In 1991, Mitchell owned and operated Mitchell Electric, a non-union electrical shop in Hudson. The shop staffed five electricians, including Charles Boley. Planning to retire, Mitchell attempted to sell his business as a going concern. The business was appraised by a certified public accounting firm at $200,000; $50,000 for equipment and $150,000 for good will.

Sherman is the president of Sherman Electric, which is an Eau Claire-based union contractor employing approximately thirty electricians. Although based in Eau Claire, Sherman Electric did a large amount of business in the Hudson area and was interested in expanding its electrical operations in Hudson.

In early 1991, Local Union # 953 engaged in organizing efforts to unionize electricians and electrical contractors in the Hudson area, including Mitchell Electric. Although Mitchell rejected the union's efforts to organize Mitchell Electric, Boley and other Mitchell employees contacted the union and expressed an interest in joining. Sherman, Boley and union representatives met regarding the possibility of Sherman doing business in the Hudson area and the union soliciting and organizing electricians to create a work force of union electricians available to Sherman. Because Sherman Electric was a union contractor, it could only hire electricians who were referred to it through the union's hiring hall. Two other Mitchell employees attended a second meeting with Boley, Sherman and union representatives. Eventually, Boley and his two coworkers left Mitchell Electric, joined the union, and began working for the new Sherman Electric Hudson branch.

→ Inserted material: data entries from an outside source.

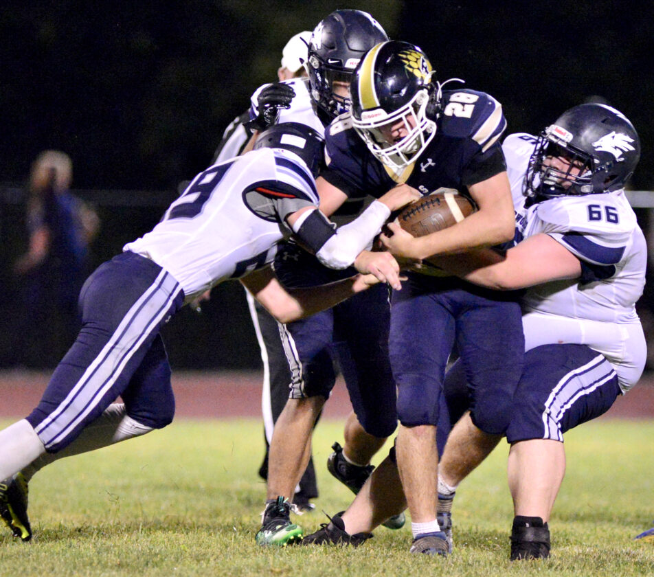 - Frewsburg’s Vincent Sanfillippo is pulled down by a host of Cattaraugus-Little Valley defenders during Friday’s Class D opener for both teams in Frewsburg. P-J photo by Scott Reagle
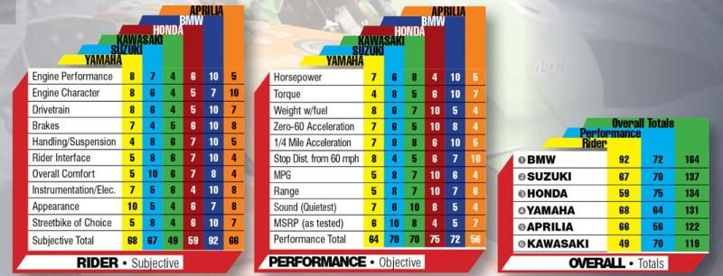 Быстрый, приятный и комфортабельный, высокотехнологичный BMW соединяется в себе механику и электронику. И хотя у него самая высокая цена, немец снова доказал, что он имеет самый лучший комплект характеристик для езды по улицам, именно поэтому он становится победителем нашего противостояния супербайков.
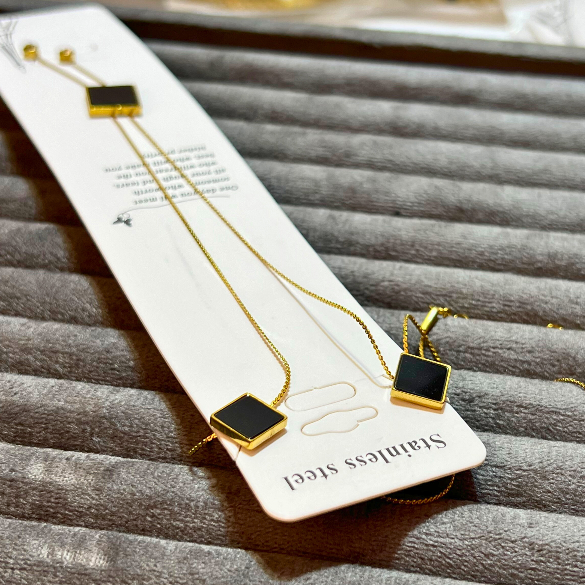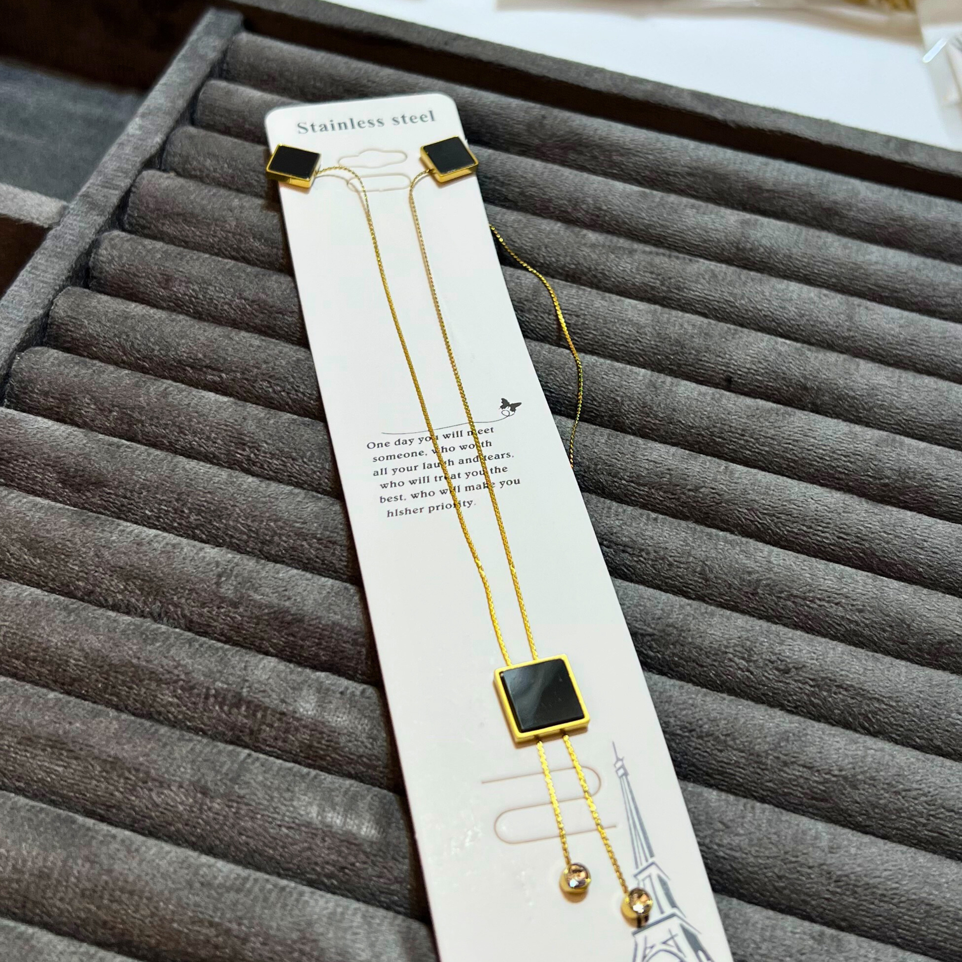 Ek mukammal tohfa jo unhein zaroor pasand aayega! 🎁 Yeh Square Drop Set (Necklace + Earrings) gift dene ke liye ideal hai. "Geometric Shapes" aaj kal fashion mein bohat in hain
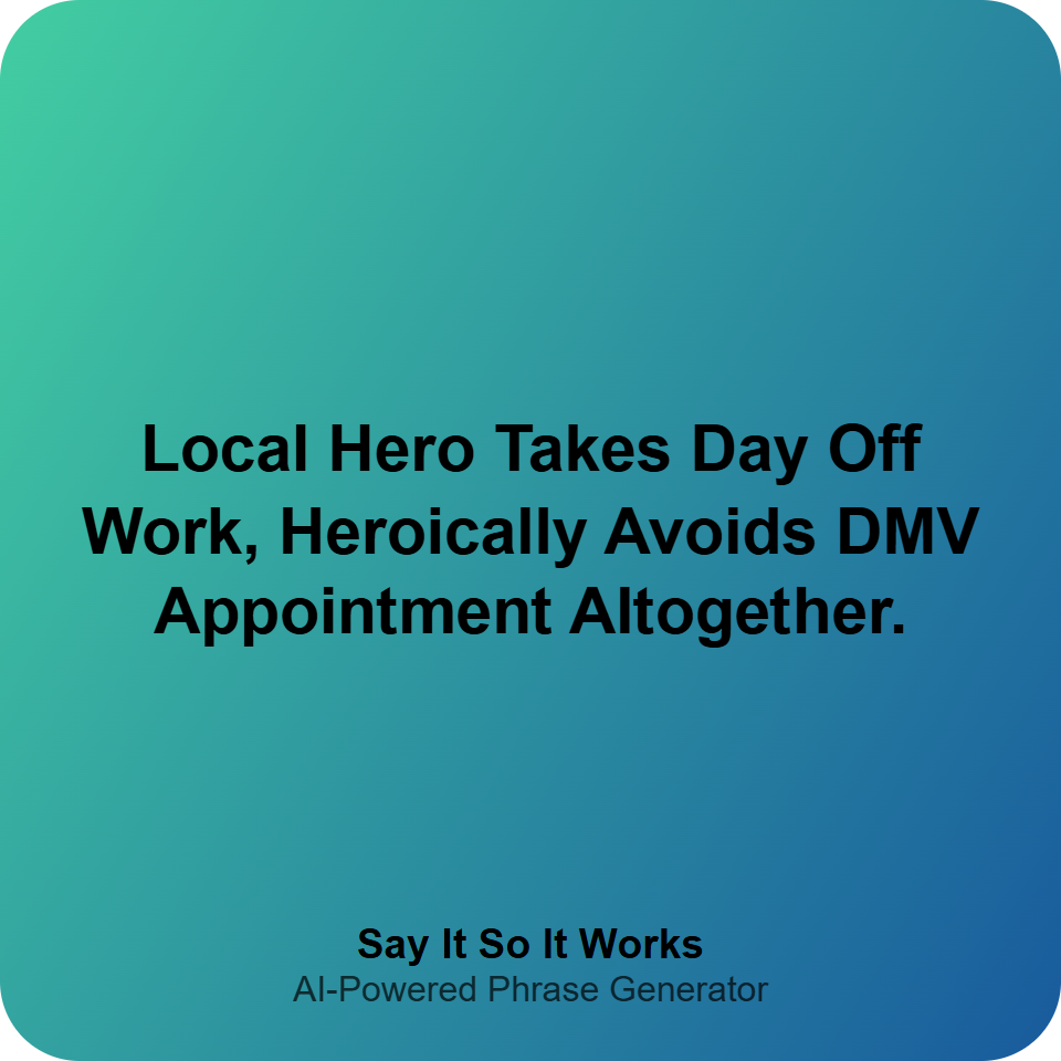 Local Hero Takes Day Off Work, Heroically Avoids DMV Appointment Altogether.

When Mitchell learned of Boley's resignation, he decided to contact Sherman in an attempt to negotiate a sale of Mitchell's business. Sherman met Mitchell at Mitchell's shop to discuss the business. At the end of the meeting, Sherman remarked that he had Plan A, which was to buy Mitchell's business, and Plan B. According to Mitchell, Sherman then taunted him saying, "What are you going to do if we go with Plan B?" Sherman said he would get back to Mitchell but never did. When Mitchell contacted him, Sherman said he was not interested in buying the business.

As manager of the Sherman Electric Hudson shop, Boley's job included finding potential customers in the Hudson area. Boley solicited several Mitchell Electric customers on behalf of Sherman Electric, both before and after he quit Mitchell, telling them that Mitchell Electric was going out of business and Sherman was taking over.

Although Mitchell hired an additional employee, his business began to decline. Due to staff losses, Mitchell was forced to relinquish projects at a loss and lost opportunities to bid on some projects. Mitchell eventually sold the business to Hanson Electric for $22,000.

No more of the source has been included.